Walter Manny (or Mauny), 1st Baron Manny, KG (c. 1310 – 14 or 15 January 1372), soldier of fortune and founder of the Charterhouse, was from Masny in Hainault, from whose counts he claimed descent. He was a patron and friend of Froissart, in whose chronicles his exploits have a conspicuous and probably an exaggerated place.

==Ancestry and early life==
Born about 1310, Walter Manny was the fourth of five sons of Jean "le Borgne" de Masny and Jeanne de Jenlain. His father, who was Lord of Masny (situated some twelve miles west of Valenciennes), was slain in 1324 at La Réole near Bordeaux. In 1346 Walter recovered his father's body, and had it sent to Valenciennes for burial in the church of the Cordeliers. Jean le Borgne's epitaph refers to his son Walter as one "qui fut merveilles en armes aux gueres des Anglois".

Manny entered the service William I, Count of Hainault, and was in attendance on the Count's brother, Jean de Beaumont; it has been conjectured that Manny and his four brothers all likely grew up in Beaumont's household. Both William and Jean were brothers of Alice of Hainault, for whose soul Manny requested prayers in his will.

In December 1327, Manny came to England as a page in the household of Edward III's bride, Philippa of Hainault, Count William's daughter. Froissart describes him as the Queen's esquire carver, and Keeper of the Queen's Greyhounds.

==Military career==
Manny played a distinguished role in the Scottish wars of Edward III, being present at the Battle of Dupplin Moor and the Siege of Berwick. He captured the pirate John Crabbe, whose expertise in fighting at sea would become of great value to the king.

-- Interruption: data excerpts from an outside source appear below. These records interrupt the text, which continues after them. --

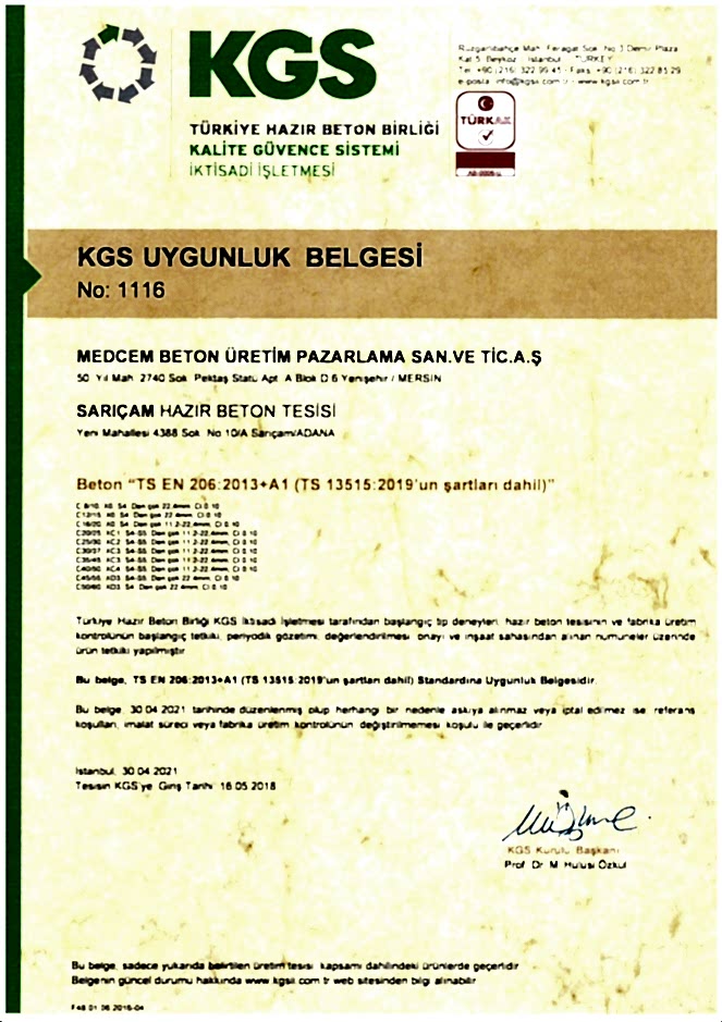 SARIÇAM HAZIR BETON TESİSİ KGS UYGUNLUK BELGESİ
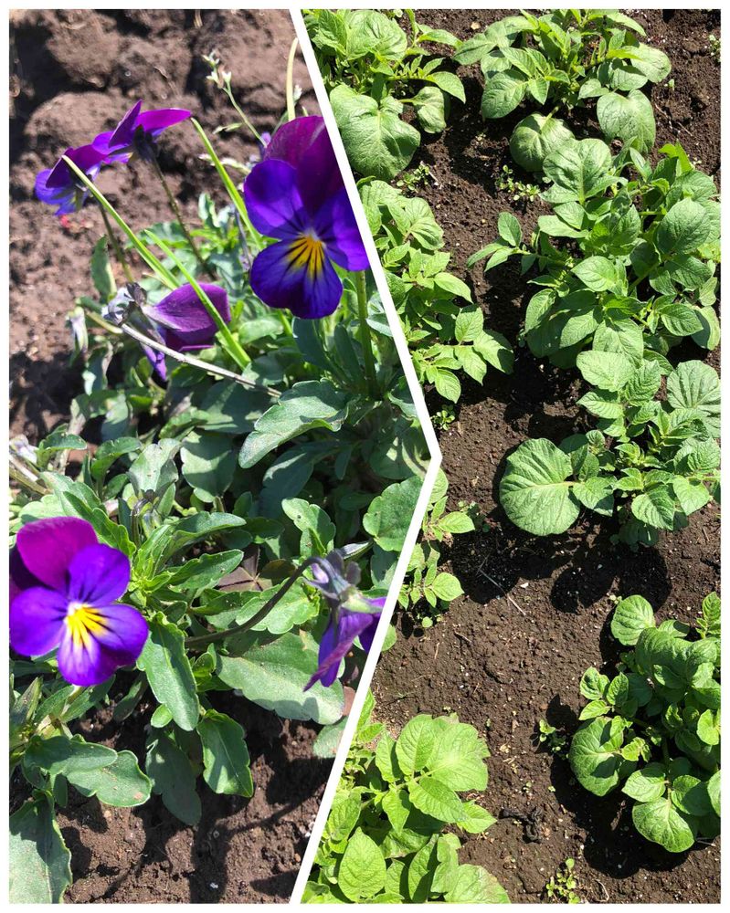 畑のじゃがいもの芽が🌱育ってきました。左のお花は、何処からか種が飛んできたのか、自然に生えてきたパンジーです。🍀🌱
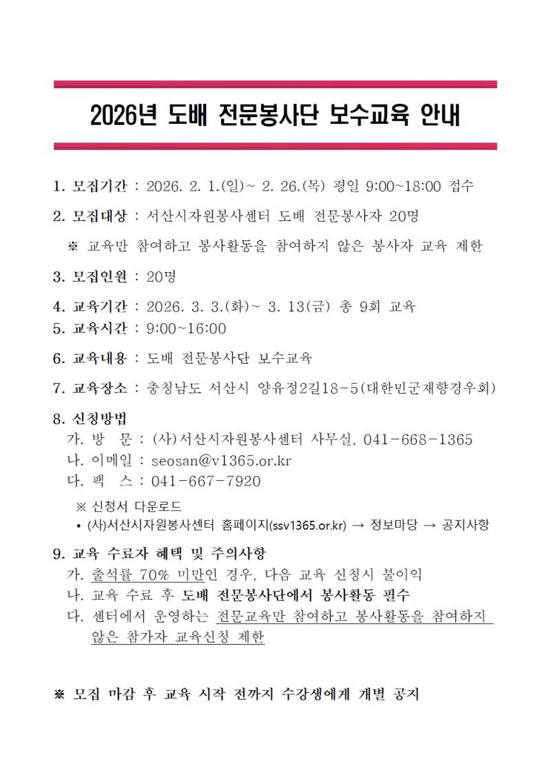 | 137 | 2026년 자원봉사 기초 교육 강사 모집 안내 | 26-02-04 | |||
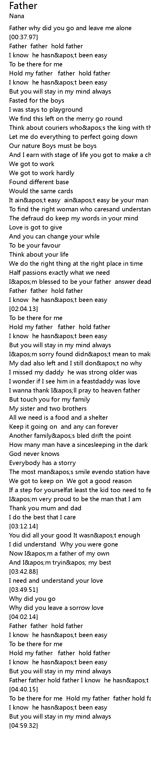 | [04:32.89] | Father father hold father I know he hasn't been easy |
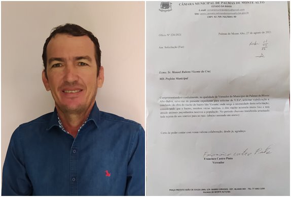 Em ofício encaminhado ao prefeito de Palmas de Monte Alto, o vereador Francisco Castro Pinto (Nem do Alazão) requereu que o Poder Público Municipal promova a conclusão da obra do Riacho do bairro São Vicente, justificando que, no local residem várias famílias, e o referido Riacho acumula muito lixo e tem atraído animais peçonhentos nocivos à população. Inclusive, no período chuvoso transborda toda a sujeira do seu interior para as ruas. O vereador anexou um abaixo-assinado ao ofício que foi lido no plenário da Câmara Municipal.
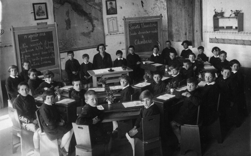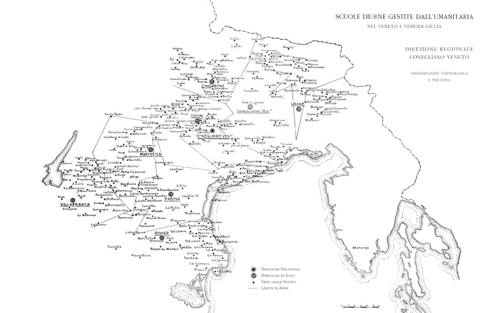 Il Ministro Giovanni Gentile comunica all’Umanitaria che è stata scelta come associazione per l’Opera contro l’analfabetismo. L’Umanitaria decide di concentrare la sua azione in Puglia ed in Veneto, gestendo centinaia di corsi e scuole: nel 1927-28 le scuole sono 321 e la popolazione scolastica arriva ad oltre 11.000 studenti.
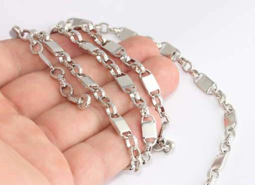 6x13mm Rhodium Plated Bar Chain, Square Bar Chain, Thick CHK721-3
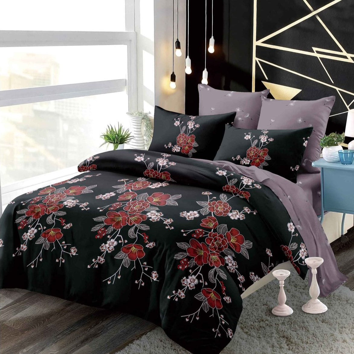 Lenjerie finet, negru model floral rosu, cerceaf cu elastic 160/180x200, Cod: B931
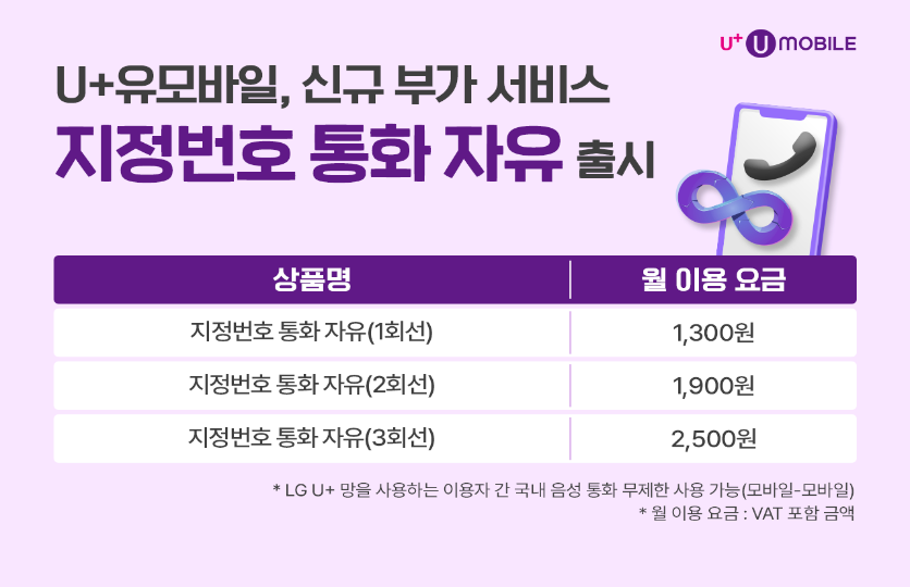 고객은 LG U+망을 사용하는 모바일 무선번호 1개~3개 회선을 지정해 무제한 국내 음성통화가 가능하다. 1개 회선을 지정할 경우 이용요금은 월 1300원, 2개 회선 월 1900원, 3개 회선은 월 2500원이다.
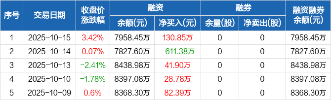 融资方面,当日融资买入421.18万元,融资偿还290.33万元,融资净买入130.85万元。融券方面,融券卖出0股,融券偿还0股,融券余量0股,融券余额0元。融资融券余额合计7958.45万元。
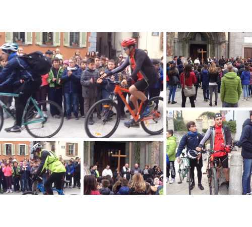 DOMODOSSOLA- 24-03-2018 – Carlo Zanetta, Luca Forcina e Davide Caprera sono tre giovani dell'oratorio di Domodossola partiti questa mattina in pellegrinaggio in bicicletta a Varallo. I giovani accompagnano il quadro che raffigura la Madonna del Sangue da Domodossola, dove si trovava dopo la Veglia delle Palme dello scorso anno, per la Veglia delle Palme di questa sera. Dopo a benedizione del parroco don Vincenzo Barone ed un momento di preghiera e di affidamento alla Vergine da parte di Don Riccardo Zaninetti collaboratore di don Barone un lungo applauso ha accompgnato la partenza. I coraggiosi ragazzi sfidando il freddo effettueranno 60 chilometri in bicicletta passando anche la Colma a 1000 metri di altezza accompagnando l'immagine della Madonna di Re che viene trasportata con un pulmino. Questa sera a Varallo si terrà la Veglia delle Palme 2018, occasione per vivere in diocesi la XXXIII Giornata Mondiale della Gioventù. L’appuntamento guidato dal vescovo Franco Giulio Brambilla. La veglia inizierà alle 20.45. L'arrivo dei giovani ossolani è previsto alle 16 orario in cui inizia il programma preparatorio alla veglia all’Angolo dell’Orologio e saranno accolti dal Vescovo.
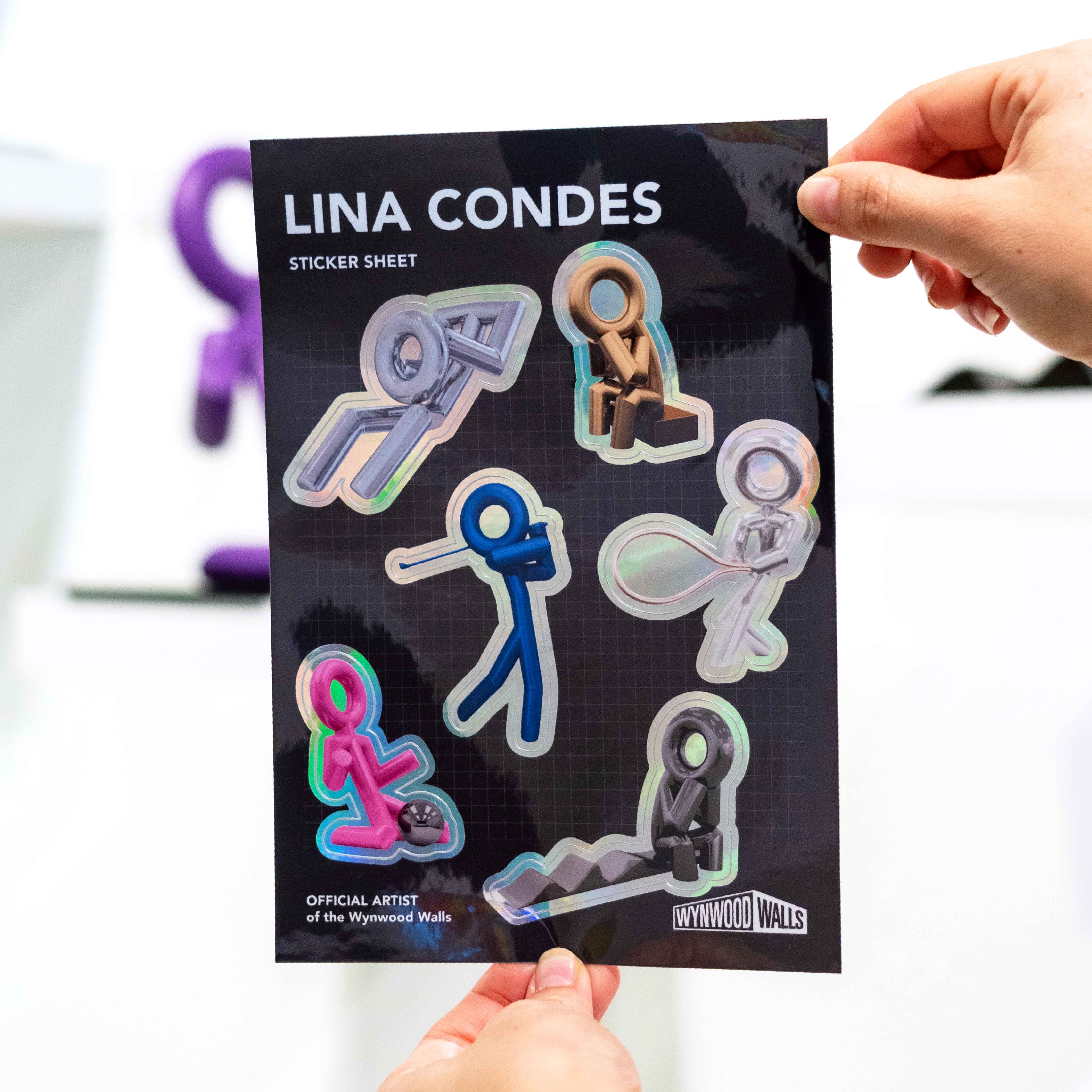 Unleash bold, contemporary energy with the Lina Condes Sticker Sheet, an exclusive collectible from Wynwood Walls Shop. This vibrant A5-sized sheet (5.8” x 8.3”) features six die-cut holographic stickers crafted on premium glossy material, showcasing Condes’ dynamic and modern artistic vision.

In 1337 Manny was appointed Admiral of the Northern Seas, and in the following year accompanied King Edward to the continent, where in the campaigns of the next few years he proved himself one of the boldest and ablest of the English king's military commanders. On 11 November 1339, Manny's brother, captured in an ambush near the city, was lynched by a mob while being brought through Cambrai's northern gate. He distinguished himself at the Battle of Sluys.

Manny figured prominently in the defense of Brest during the Breton War of Succession. When Hennebont was besieged during that War, councillors tried to persuade the Montforts, led by Joanna of Flanders, to surrender to Charles of Blois, nephew of Philip VI of France. When she looked out a window, she saw the ships commanded by Manny sailing towards them. With the help of Manny and his small force, she managed to withstand the siege.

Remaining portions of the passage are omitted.